Drusenan's wife came out to meet them before they had even reached the hall, treading carefully on a walkway of straw that crossed the hoof-churned mud. Her skirts were muddy about the hems: it was not her first such crossing of that yard; and she came with her sleeves girt up and an apron about her, and it well floured and spattered and stained.

"Lord," she said, "welcome! Will you stay the night?"

"We'll press on," Tristen said, "but an hour to rest the horses, that we can spare, and food for us if you have it."

"Stew and porridge, m'lord, as best as we have, but the pots is most always aboil and nobody knowing when the men's comin' in, we just throw more in, the more as comes to eat it. And there's bread, there's always bread."

That brought a cheer from the front rank to the rearmost, and they were as glad to be down from the saddle as they were of the thick, simple fare in the rush-floored hall, with the dogs vying for attention and the women hurrying about with bowls and bread.

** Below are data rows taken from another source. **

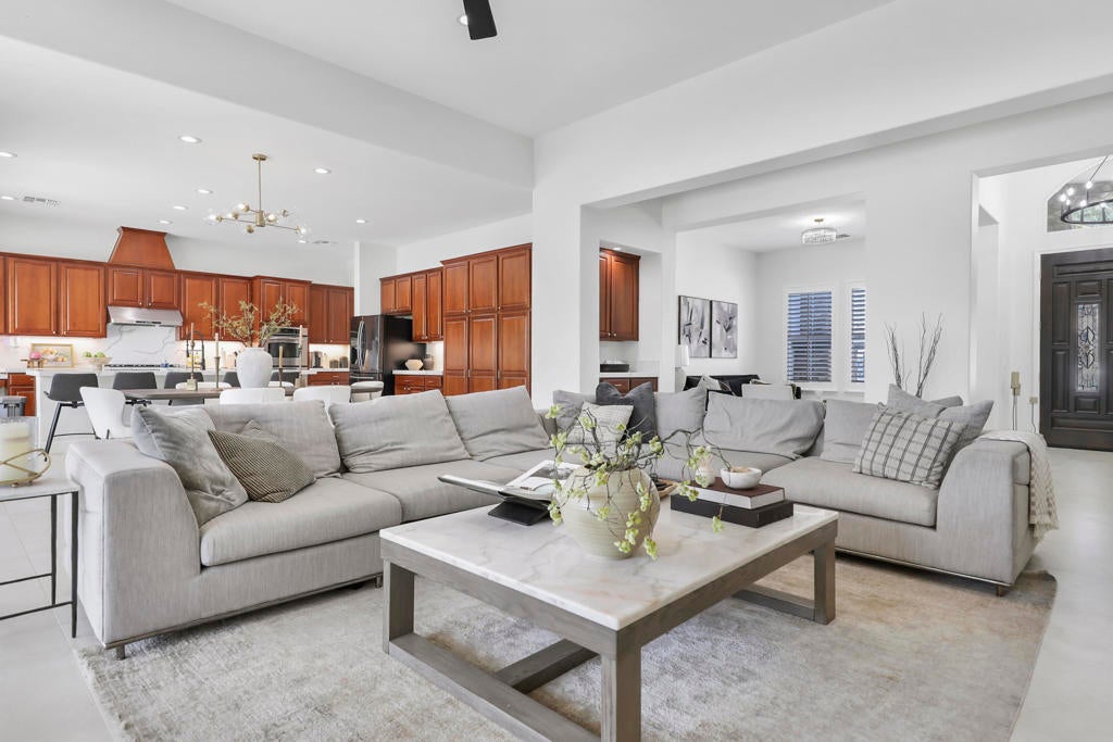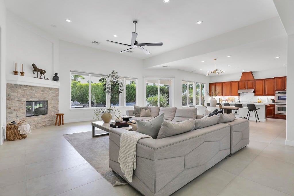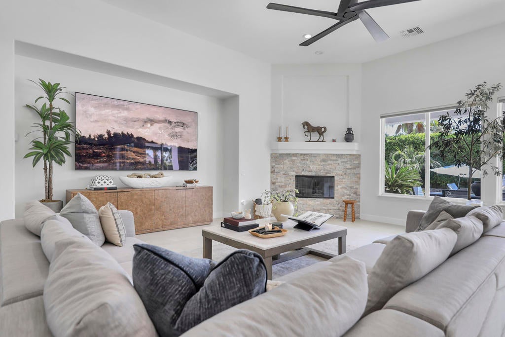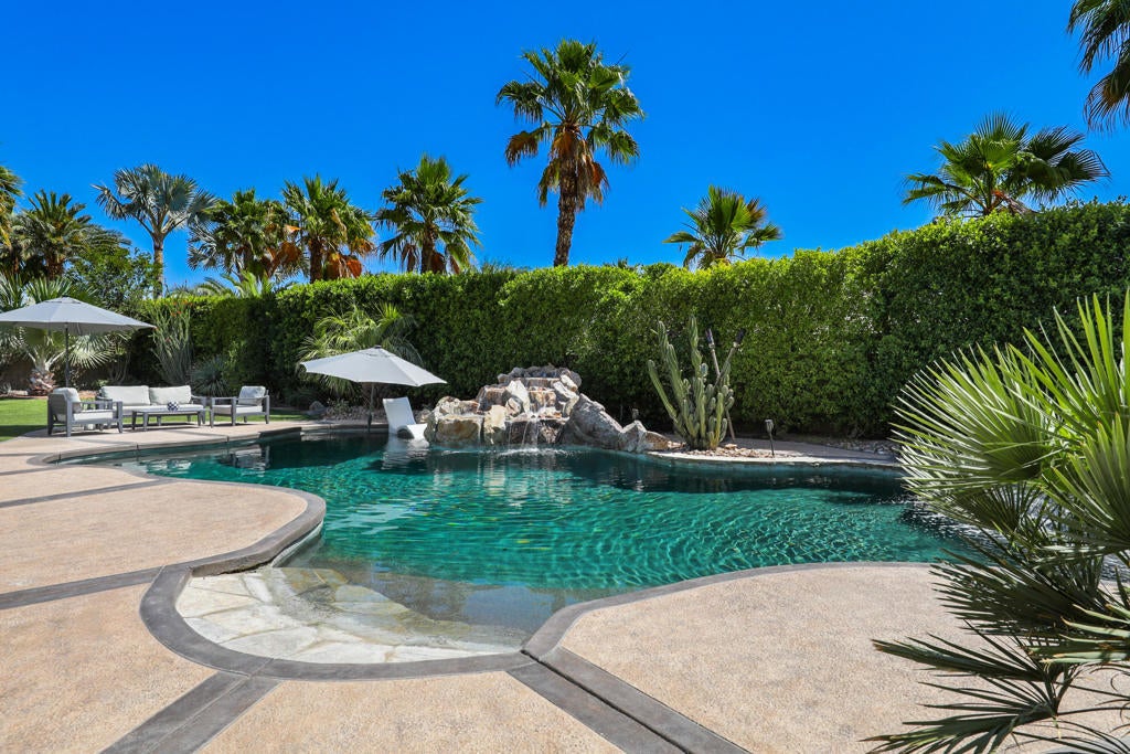 Modernized Desert River Estate | 22,216 SF Private Interior Compound. Sophistication, scale, and rare utility define this 2023-transformed residence. Situated on a premier interior lot within the tranquil, non-STR gates of Desert River Estates, this 3,150 SF estate offers a level of peace and versatility that is increasingly rare in the desert.The property's refined exterior maintains its classic Spanish architectural integrity, updated with a crisp white finish and natural stone accents. A gated entry courtyard features a traditional gas fireplace--the perfect setting for an intimate evening under the desert stars.The High-Capacity Social Core Designed for the host who values flow and connectivity, is the heart of the home and features:Massive 5-Person Island: A central quartz-topped anchor that bridges the kitchen and the expansive Great Room.Architectural Volume: High ceilings and walls of glass frame the resort-style pool/spa and rock waterfall.Designer Utility: Upgraded with 2' x 4' tile flooring and premium quartz surfaces for a cohesive, modern aesthetic.Resort-Style Saltwater Oasis. The backyard is a private sanctuary featuring a saltwater pool and spa. Designed with a gradual beach entrance and tanning shelf, it offers a true 'resort' feel, perfect for lounging or cooling off in the desert sun.Unmatched Logistics & Estate Potential. The hallmark of this property is its 22,216 SF interior footprint and exceptional infrastructure:70-Foot Driveway: Exceptional depth for multiple vehicles or a luxury RV (a rarity in gated communities), plus a large 3-car garage.Dual Side Yards: Unparalleled clearance for a future Casita, ADU, or sports court.Long-Term Privacy: In a community that does not allow short-term rentals, you are guaranteed a quiet, stable neighborhood environment.Versatile Layout with Primary suite separated from other bedrooms by the office.Primary Sanctuary: A dedicated retreat with dual walk-in closets (featuring combo locks) and a spa-inspired bath with a freestanding soaking tub.Multi-Use Wing: Three generous guest rooms plus a dedicated office which offers the flexibility for a 5th bedroom, an executive workspace, gym, or studio.Showing Information: To maintain the privacy and exclusivity of this residence, private tours are available by appointment only for pre-approved buyers.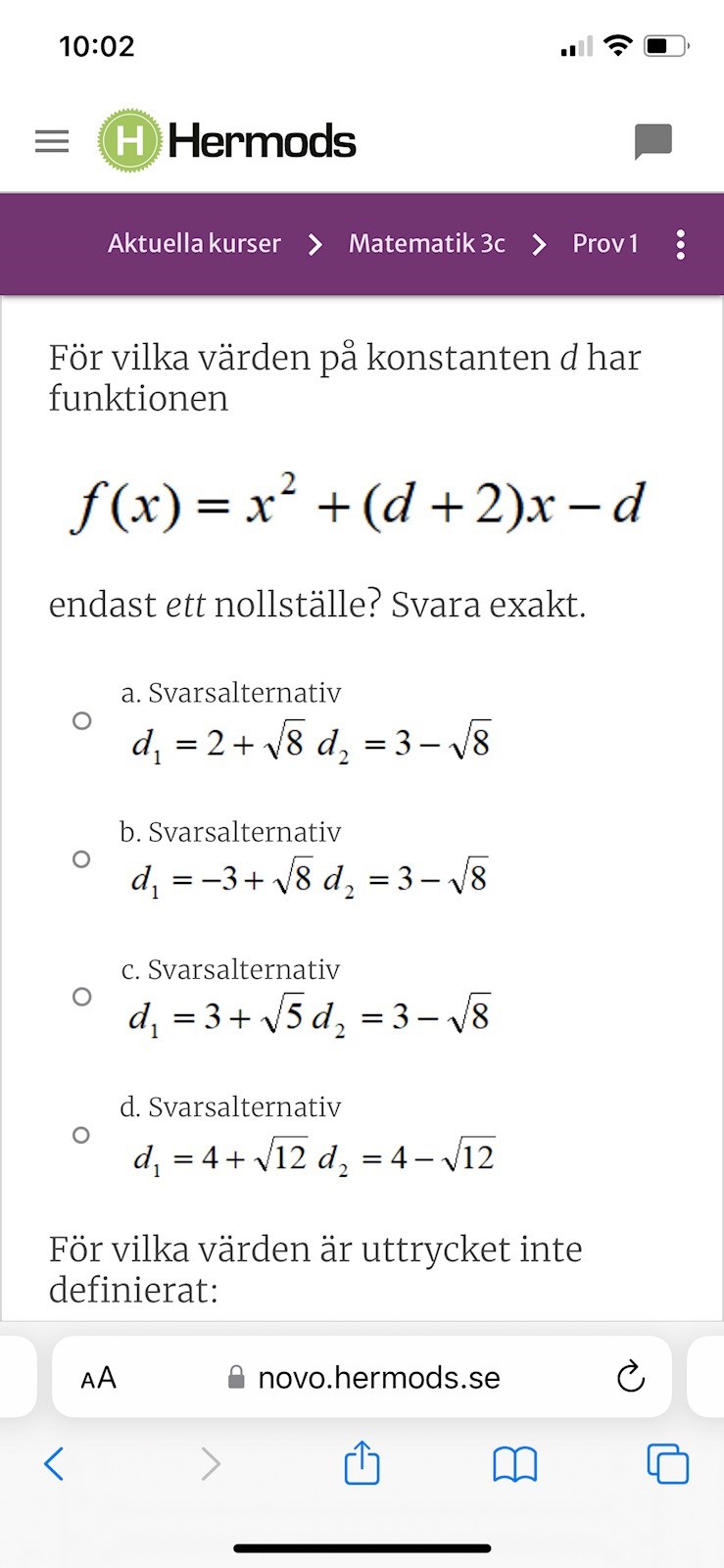Hej. Jag håller på och löser uppgiften ”För vilka värden på konstanten d har funktionen f(x)=x^2+(d+2)x-d endast ett nollställe.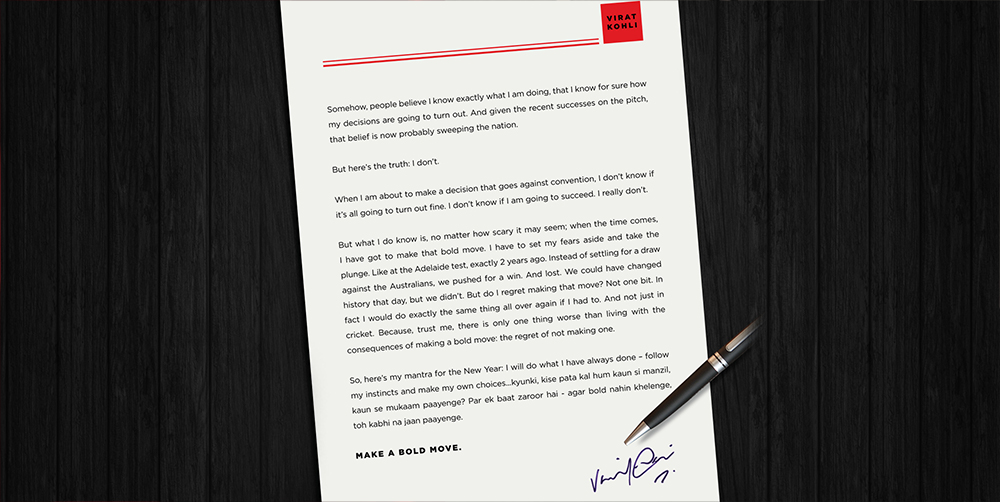 The campaign was launched with an open letter by Virat Kohli where he encourages people to be bold and fearless by saying, “kise pata kal hum kaun si manzil, kaun se mukaam paayenge? Par ek baat zaroor hai - agar bold nahin khelenge, toh kabhi na jaan paayenge”.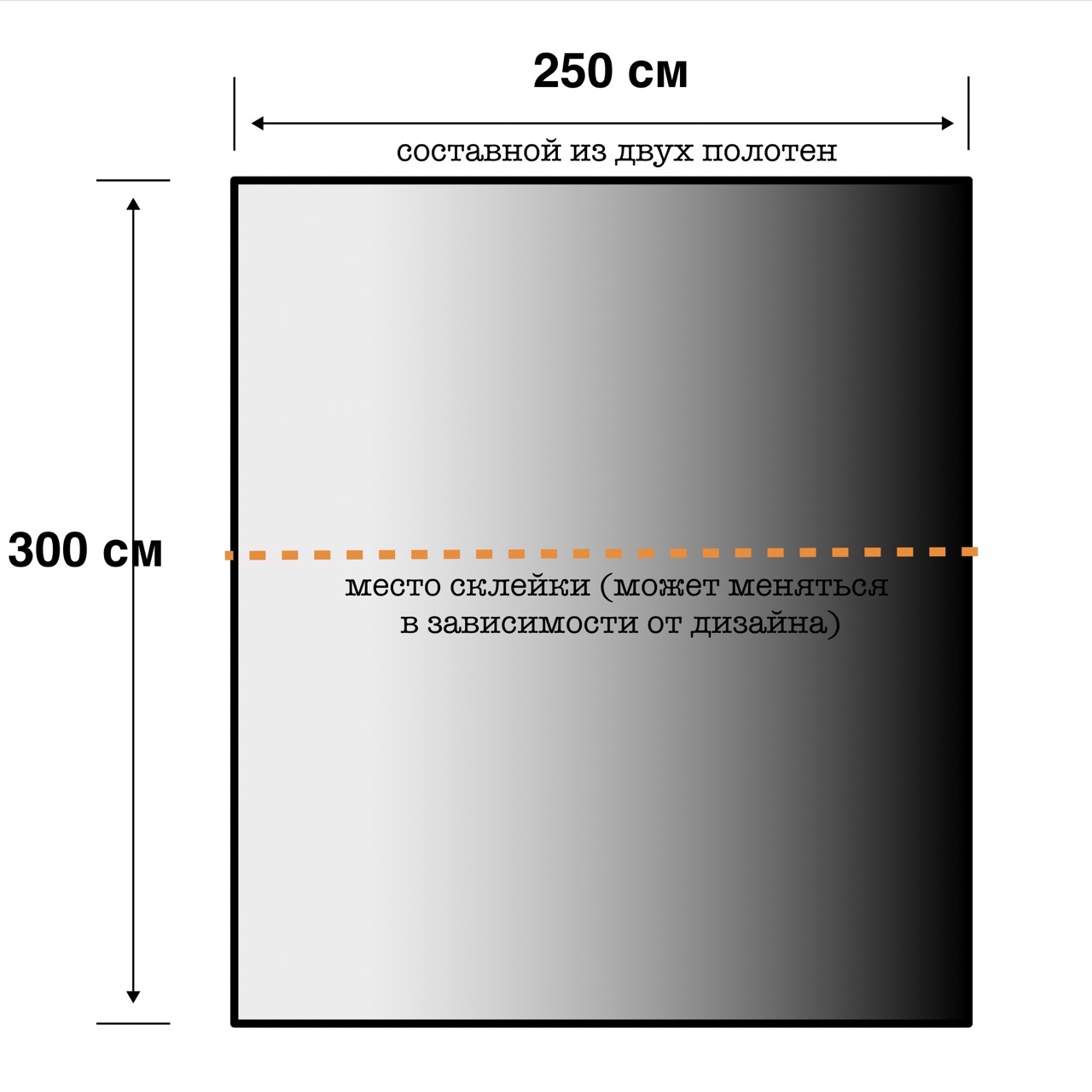 !! - Составные фоны (фоны склеенные из нескольких полотен). Шов (место склейки) на таких фонах будет виден (слабее/сильнее в зависимости от дизайна) и нуждается в ретушировании  - это надо учитывать. Эти фоны имеют свою специфику по уходу и по эксплуатации. Если Вы не знакомы с такими фонами, можете перед заказом запросить у нас инструкцию по уходу и эксплуатации таких фонов (по умолчанию высылается в электронном виде вместе с заказом). На шве в месте склейки допускаются небольшие несовпадения (сдвиги по рисунку) до 10-ти миллиметров (браком не считается).
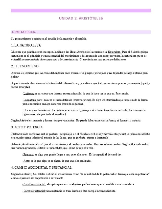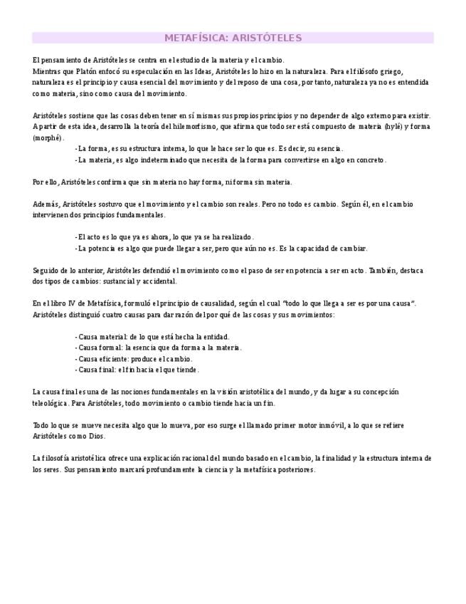 Apuntes de Aristóteles para la preparación de los Exámenes de Acceso a la Universidad. Bien resumidos y esquematizados, con todos los contenidos necesarios para superar la asignatura de Hª de la Filosofía y su examen en la PAU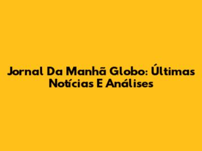Jornal Da Manhã Globo: Últimas Notícias E Análises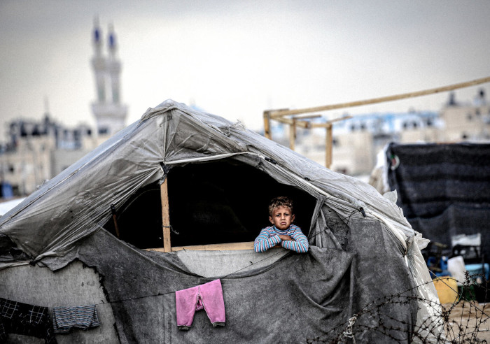 Un niño se asoma desde su refugio improvisado construido con madera y plástico, donde las familias desplazadas han buscado seguridad en Rafah, al sur de la Franja de Gaza. © UNICEF/UNI820856/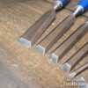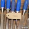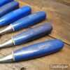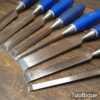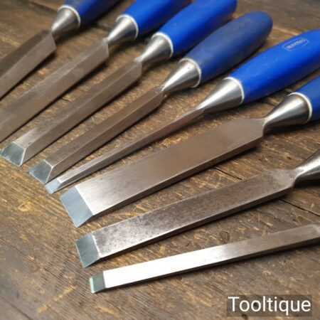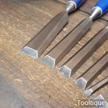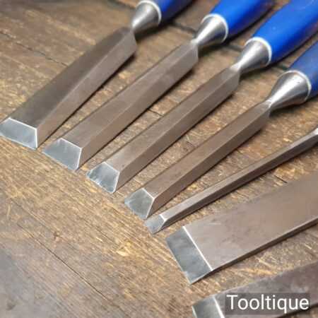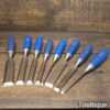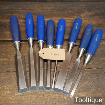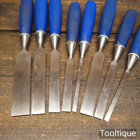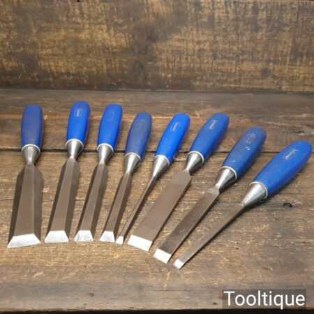 Vintage set of 8 No: Marples blue Chip chisels including 5 No: bevel edge (3/8”, 1/2”, 5/8”, 3/4” & 1”) and 3 No: firmer (1/4”, 1/2” and 3/4”) with plastic handles in good used condition, fully refurbished sharpened and honed ready for use. All refurbished chisels are water cooled during the sharpening process to ensure the tempering is not affected.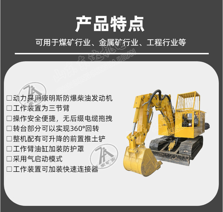 MWC系列煤矿用液压挖掘机是一种以康明斯防爆柴油机为动力,适用于煤矿竖井、斜井及平巷掘进中的装岩、清底以及冻土层的挖掘作业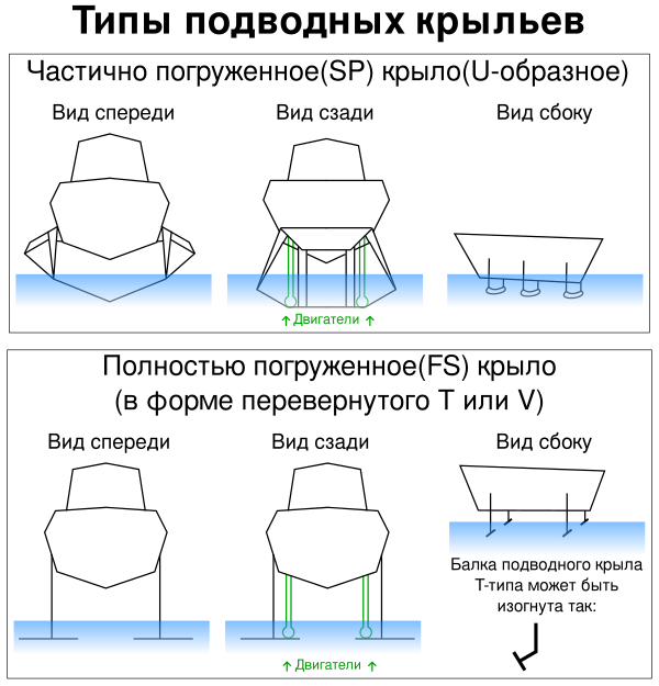 Существует два типа подводных крыльев — частично погружённое крыло (или U-образное крыло) и полностью погружённое крыло (крыло в форме перевёрнутого Т).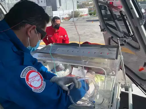 - El bebé de 7 horas de nacido fue atendido de manera especializada en el Hospital Infantil, gracias a su movilización aérea que duró tan solo 30 minutos.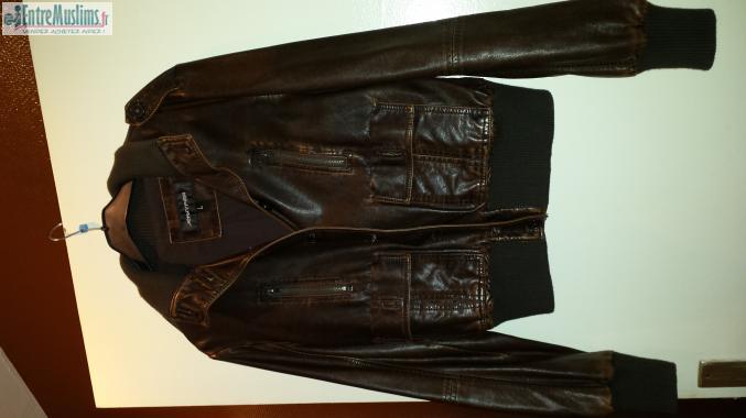 JE vends cette veste en simili cuir marron bien entretenue. Taille L mais peut convenir pour une taille M aussi. Fermeture avec Boutons.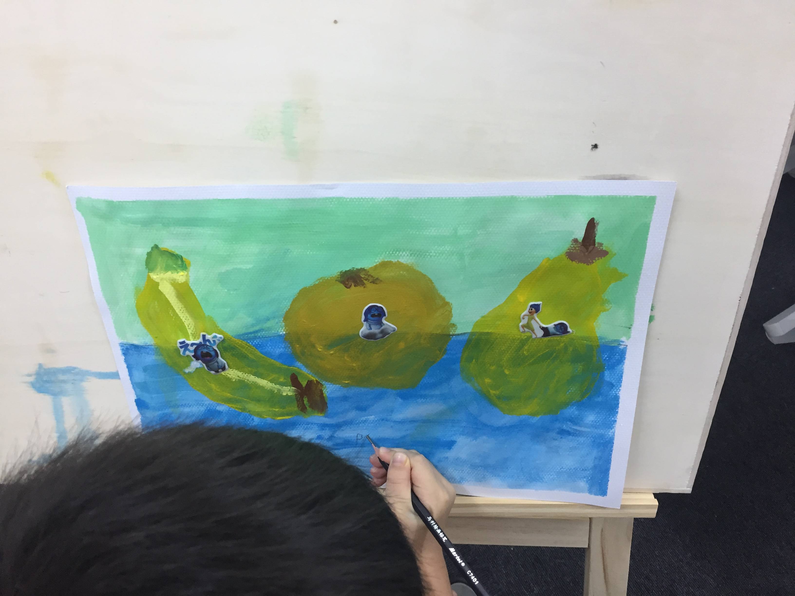 今天学习的是把背景涂满涂均匀,画基本的水果形状。我儿子画的是最均匀的那个,平时就喜欢涂色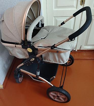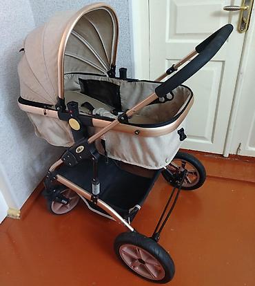 Uşaq arabası – beşik tipli, krem/qızılı tonlarda

Bows leaned against the wall, near the fire, near the cooking tables, near the door, with quivers of arrows, all the same, all ready, and no man's hand near them: it was the women's defense, if ever the war spilled across the river and beyond the wall.

He was determined it would not.

They sat with Drusenan's lady, for a moment paused in her work, and heard a brisk, fair account of every company that had passed, its numbers, its condition, and the time the women had wished them on their way.

"A tall, dark man, among the rest," Tristen said, for that aspect of the Lord Commander there was no hiding.

"That one, yes," the lady said, "and no lingering. Took a pack of bread and cheese and filled their water flasks, and on they went, being in some great hurry… we didn't mistake 'em, did we? Your Grace isn't after 'em."

"Honest men," Tristen said, "without any question, on honest business."

"It's comin', is it?"

"It won't come here," Tristen said. "Not if we can prevent it, and if the wall can."

"Gods save us," the good woman said, and was afraid, it was no difficulty to know it… afraid not so much for this place, but for Drusenan and the rest. "Gods save Amefel."

"Gods save us all," Uwen echoed her.

"And you and yours," Crissand said quietly.

"We should move," Tristen said, for by her account Idrys' band was early on its way and Cevulirn would have his request to cross and camp. "They won't linger and we shouldn't."

There was not a man of them but would have wished to linger the rest of the hour, but it was down with the remnant left in bowls, and here and there a piece of bread tucked into a jacket, a half cup of ale downed in a gulp, against a hard ride to come, and no sleep but a nap along the way.

Drusenan's lady brought them outside into the dark, she and all the women and the girls, some of them down from the guard post, with their bows. The women saw them onto their horses, with only the light from the open door.